她看着那串逐渐被新雪覆盖的脚印,忽然想:那个探子逃出去之后,是会直奔城外大营复命,还是会绕个远路找个地方躲起来,把白霰搁在柴垛上那一刻的眼神里闪过的那一丝东西,算什么呢。她不知道答案,暂时也不打算深究。
天色暗透了。镇里各家各户的灯又亮起来,橘黄色的光一扇窗一扇窗地从厚墙里透出,落在雪地上,暖融融的一片。失而复得的哭笑声在巷子间回荡,炊烟重新从屋顶上升起来,被晚风扯成一缕一缕的淡白色,慢慢融进暗蓝的天幕里。
白雪拢了拢被风吹散的头发,把《守城录》夹在腋下,往自家方向走去。快走到巷口时,她听见白霜在后面喊她。她回过头,看见白霜站在自家院门口,怀里还抱着白霰,冲她扬了扬下巴,脸上半是泪痕半是笑:“明天还堆雪人吗?”
白雪愣了一下,也笑了:“堆。这回往高了堆。”
她转身走进了自家的院子,灶房里的热气裹着葱花的香味涌出来,扑在脸上,热乎乎的,像冰在冰天雪地里慢慢化开。
那一夜,风雪未停,城外的喊杀声也没停过。
起先是撞门。一下,两下,三下,闷雷似的,隔着一整座镇子都听得见。后来门栓被撞断了,白雪睡在炕上,感觉地面轻轻震了一下——像有人在地底下抡锤——然后那股震动就止住了。守夜的赵伯后来告诉她,外族人把城门撞开了一个口子,可门后头是十几丈厚的大石塞,石头之间嵌了铁楔,两两咬死,连着一道地底的机簧,越撞越紧,外族人推了半个时辰,纹丝不动。他们便不再费劲推门,把云梯架了起来。

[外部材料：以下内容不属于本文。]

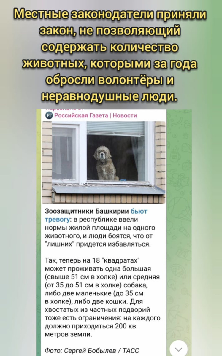 Помогите спастись, помогите СПАСТИ! Сбор на Жизнь! Россия!🙏🏼 Это Башкирия..Местные законодатели приняли закон, не позволяющий содержать количество животных, которыми за года обросли волонтёры и неравнодушные люди. Эти люди не смогли пройти мимо боли, страдания, слёз...не смогли отвернуться и бросить эти молящие о помощи глаза беззащитных Собак и Кошек!!!! Зоозащитники бьют тревогу!! Ведь как всегда, пострадают только животные 😭 Мы в отчаянии, на нашем кураторстве более 30 животных, есть инвалиды, кошки. Друзья, нам очень необходимо теперь выселять собак с домашних передержек , так сказать с диванов, на цепь в будки 😭😭😭 Инвалидам, суставникам и кошкам нужно приобрести теплые вагончики , хоть б/у🙏🙏🙏 Времена сложные, к сожалению добро не побеждает, но вместе мы справимся 🙏😔 Примерная сумма на две б/у бытовки + транспортировка 200 000 р. Будки + перевозка 50 000р. ⚡ К Сбору на СПАСИТЕЛЬНУЮ ЗАКУПКУ И ПЕРЕЕЗД 250.000 РУБ⚡ 🆘 Любая посильная сумма -- это огромный вк
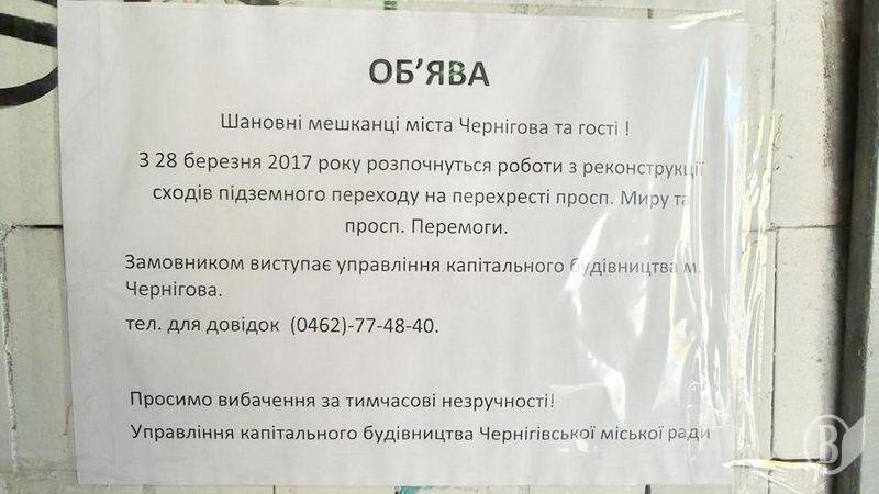 Розпочався обіцяний ще торік ремонт у підземному переході на перехресті проспектів Миру та Перемоги у Чернігові.
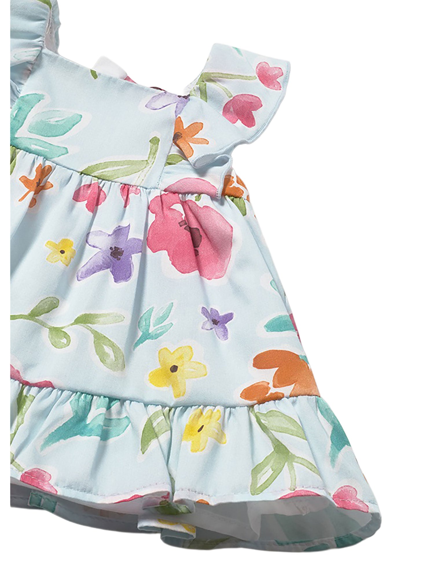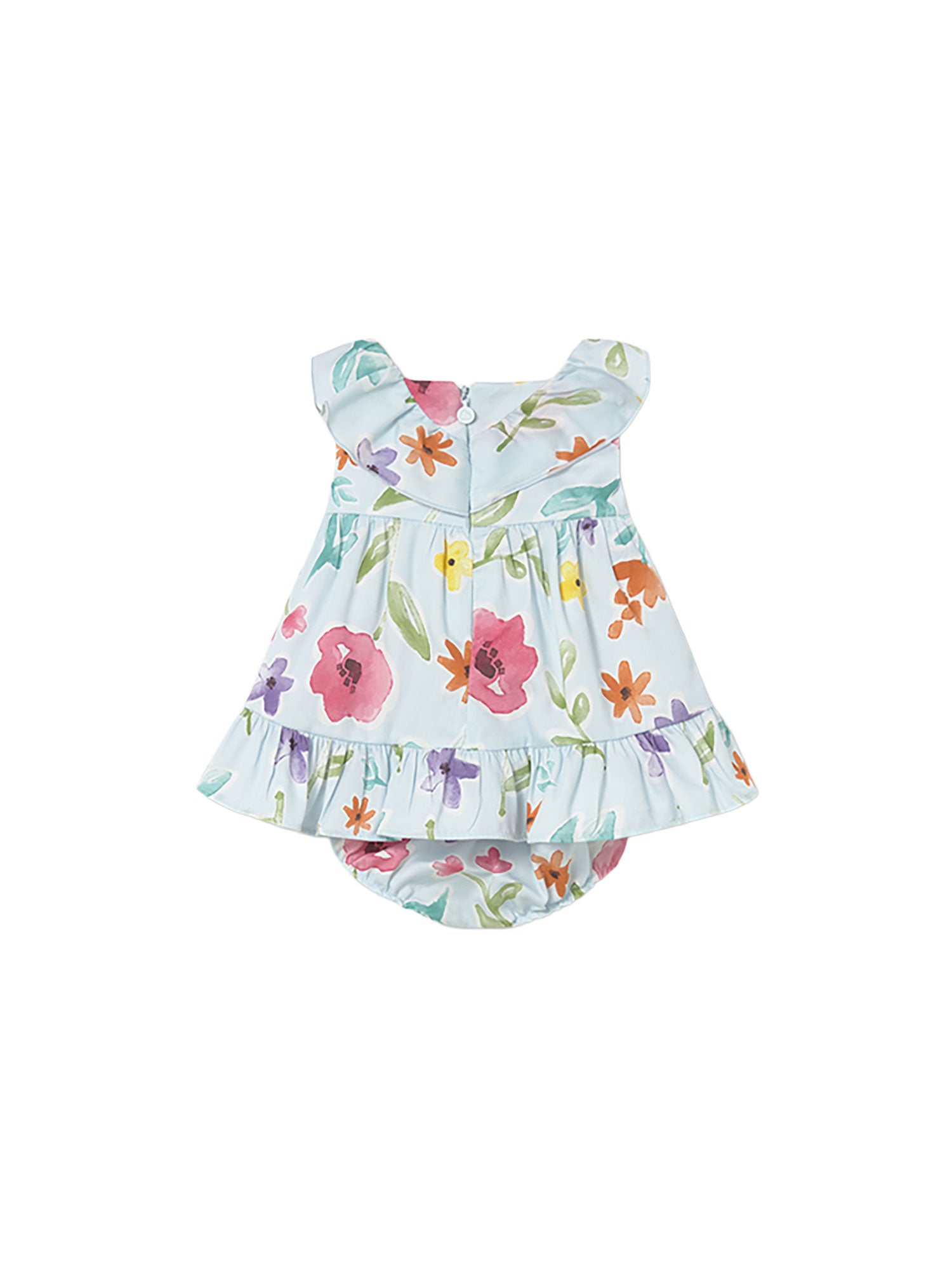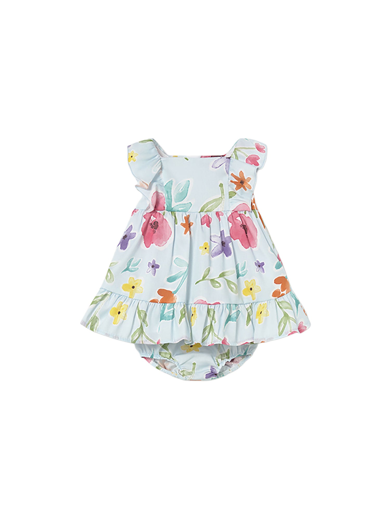 Delicato vestitino Mayoral per neonata con stampa floreale colorata, ideale per la stagione estiva. Il design con volant sulle spalle e la gonna arricciata dona un look dolce e raffinato, mentre la culotte coordinata completa l’outfit garantendo comfort e praticità.

那云梯一架接一架往城楼上靠,搭在丈余厚的石墙上,发出沉闷的声响。外族人像蚂蚁一样顺着梯子往上爬,爬了摔,摔了爬,一夜之间城楼下面的雪地被踩成了一片泥泞的褐色硬壳,人和马的尸体混着碎木和断绳铺了厚厚一层。
可他们不停,他们也喊,喊的是一句断断续续的中原话,口音太重,城楼上的人连蒙带猜才听明白——“让我们进去!让我们活!”喊一整夜,歇一个时辰,又接着喊。白雪被那声音从梦里拽出来的时候,窗外还是黑沉沉的,漫天大雪把月光遮得严严实实。
她翻了个身,用被子蒙住头,可那声音还是从被子的缝隙里钻进来,又闷又沉,像有人在用砂纸磨她的骨头。她索性坐了起来,披上棉袄推门出去。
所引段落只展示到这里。